8:20So there too many wins to name them all. Here are the top three. Our data system all included from Fiverr to our warehouse to our transformations is 20x cheaper. And given the reality of constrained nonprofit resources, especially in the fundraising environment we find ourselves in today, reducing costs here to rightsize against downstream value made datadriven operations sustainable. It's also simple
8:46and fast. One data person. I am now able to coherently develop, test, and iterate on a data on a system that is not only much simpler, but also orders of magnitude more performant. I mentioned queries used to take hours or overnight.
8:59In Mother Duck, we don't have a query that goes longer than a minute. A surprising one, but a powerful one is that the accessibility of our data has increased. Incredibly, surprisingly, non-technical team members now feel comfortable engaging directly with our data and extracting necessary insights themselves. Most of the time, sometimes they still file a data request using
9:23Motherduct's features like column explorer and AI SQL. And that's something that has been a game changer for us.
9:31So, what does this mean for nonprofits at large? We're not the only charitable organization that needs data, has a significant amount of it to process. Our total data size about 5 terabytes, but is operating with inherent operational constraints. Constraints that are that are part of being a nonprofit.
9:51In fact, 76% of nonprofits lack a formal data strategy according to Salesforce. 3% of most nonprofit operating budgets are spent on technology. less than 3% according to the Chronicle of Philanthropy and 27% of nonprofits experience problems working with data according to N10.
10:12So the nonprofit data quandry I'm calling it the fundamental issue for nonprofits and data is that nonprofits are underserved by technology providers.
10:23The sector requires sub substantial capacity building to make data useful. But on the other hand, nonprofits need data to make better decisions and drive outcomes. And even more concretely, our funders require it. When we get a grant or we apply for a grant, there are certain outcomes, certain data outputs that we are obligated to provide. And the public, whether it's on Charity
10:45Navigator or Guidear or any of the or through our IRS 9990, the public expects nonprofits to be transparent about their inputs and outputs.
10:56So, how can small data help? Well, we can rightsize our data practices by only collecting what we need. So instead of collecting every web event, collect aggregated web events. Transform data using open- source tools so that we are sort of not locked in and we can leverage uh free usage.

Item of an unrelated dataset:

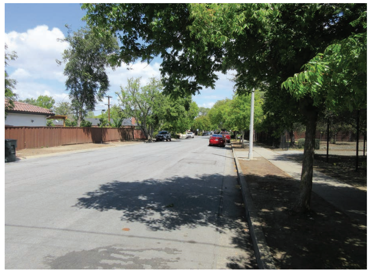
Photo 2: View from the northwest corner of the project site looking east on Carlisle Way.

11:16Leverage tools with the best price to performance namely motherduck in this case. Set realistic expectations for data freshness and metric complexity. As a nonprofit, daily refreshes for reports is more than enough. and trying to bake in real time data analytics would have caused the system to be much more complex.

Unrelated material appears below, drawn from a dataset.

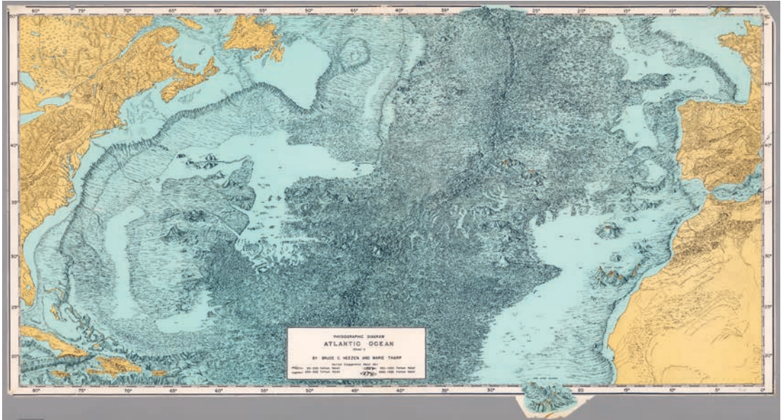
Physiographic Diagram of the North Atlantic, Marie Tharp and Bruce C. Heezen, 1957.

It must have been frustrating for an explorer with such tenacity to be so soundly defeated at measuring the depth of the ocean. Sailing west across the Pacific in 1521, on a voyage that would eventually circumnavigate the globe—and prove indelibly the spherical shape of the earth—Ferdinand Magellan lowered a weighted line to measure the fathoms below. 1 When the line dropped 750 meters without contact, he ordered it pulled up, declaring the ocean immeasurable. It was utterly apparent his tools were no match for the ocean's scale and vastness, its impenetrable watery territory. As technology has advanced into the twenty-first century, scientists and ocean explorers have continued to develop new and better methods to measure these depths—from longer weighted lines to echo and sonar, to satellite imagery and submersibles outfitted with GPS. But although humanity has now compiled vast amounts of data into maps, diagrams, and digital models, the full scope of the ocean—the hydraulic, topographic, geologic, and biological systems that comprise more than 70 percent of the Earth's surface—have yet to be fully comprehended.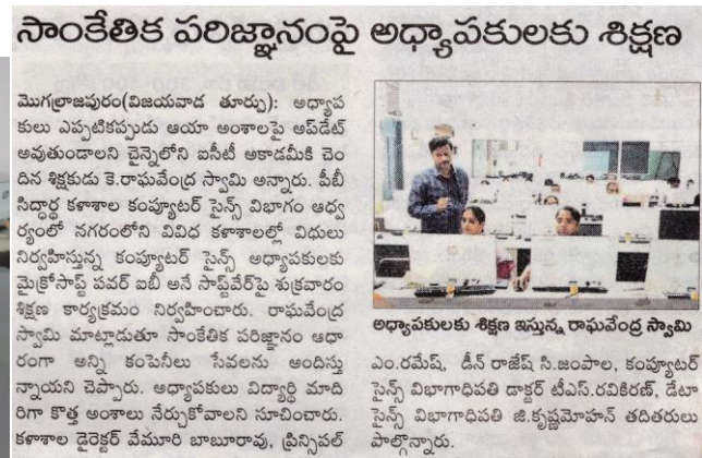
Press Clipping on Eenadu dated 30 th July 2022.

11:36And in general, keeping things simple, flexible, and small. How can you help? Technology providers in the room. Philanthropy isn't just about money. Charitable organizations like nonprofits and foundations have unique constraints. That's true, including not having huge bud budgets for technology. But we also have powerful proximity to impact.
11:59which can help you have the impact that might help you better achieve your mission, help you have improve public perception or whatever whatever it may be. So my my plea, what I'm advocating
12:13for, what I'm why I'm here today is I would like you to reach out to organizations, nonprofit organizations doing work that aligns with you. You don't need to do mass cold outreach.
12:24Find targeted nonprofits that align with your for-profit mission. Understand their unique data nuances and needs. Find powerful collaborations and solutions just like we have with Motherduck. And lastly, offer nonprofit pricing.
12:40So that's how do something and nonprofits in general with small data can have even bigger impact. Thank you.